Rayan Rebbadj
- Born: 15 August 1999 (age 26)
- Height: 1.90 m (6 ft 3 in)
- Weight: 100 kg (220 lb)
- Notable relative: Swan Rebbadj (brother)

Rugby union career
- Position: Centre

Senior career
- Years: Team / Apps / (Points)
- 2011-2018: RC Port-de-Bouc
- 2018-: Rugby Club Toulonnais

National sevens team
- Years: Team /  / Comps
- France 7s
- Medal record
Men's rugby sevens
Representing France
Olympic Games
| Gold medal – first place | 2024 Paris | Team competition |

= Rayan Rebbadj =

French rugby union player (born 1999)

Rayan Rebbadj (born 15 August 1999) is a French rugby union player who plays at Centre for Rugby Club Toulonnais and the France national rugby sevens team.

==Career==
He played as a youngster for RC Port-de-Bouc between 2011 and 2018, and for Rugby Club Toulonnais from 2018, signing his first professional contract in 2021.

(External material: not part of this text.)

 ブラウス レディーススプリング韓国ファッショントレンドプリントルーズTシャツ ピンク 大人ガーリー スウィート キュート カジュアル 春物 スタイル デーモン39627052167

He was included in the team of the tournament as France national rugby sevens team won the 2024 Spain Sevens in June 2024. He was subsequently named in the French Rugby Sevens team for the 2024 Paris Olympics.

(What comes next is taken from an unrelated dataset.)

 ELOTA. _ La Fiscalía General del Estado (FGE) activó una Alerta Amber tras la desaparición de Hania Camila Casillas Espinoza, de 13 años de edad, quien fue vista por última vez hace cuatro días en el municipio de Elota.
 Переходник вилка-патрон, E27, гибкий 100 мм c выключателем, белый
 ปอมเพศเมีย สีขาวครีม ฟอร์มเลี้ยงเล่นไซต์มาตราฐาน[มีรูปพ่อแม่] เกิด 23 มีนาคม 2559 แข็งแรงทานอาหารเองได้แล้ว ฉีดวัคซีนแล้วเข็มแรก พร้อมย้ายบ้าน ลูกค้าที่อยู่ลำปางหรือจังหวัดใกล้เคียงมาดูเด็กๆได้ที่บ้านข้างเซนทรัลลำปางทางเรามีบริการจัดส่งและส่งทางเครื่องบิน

Continuing with France for the 2025-26 SVNS, he was a try scorer in the final as France won the 2026 France Sevens in Bordeaux in June 2026, defeating New Zealand 14-5 in the final.

==Personal life==
From Martigues, he has Algerian heritage. His uncles Rabah and Salek played for RC Toulon in the 1980s. His brother Swan Rebbadj is also a professional rugby union player.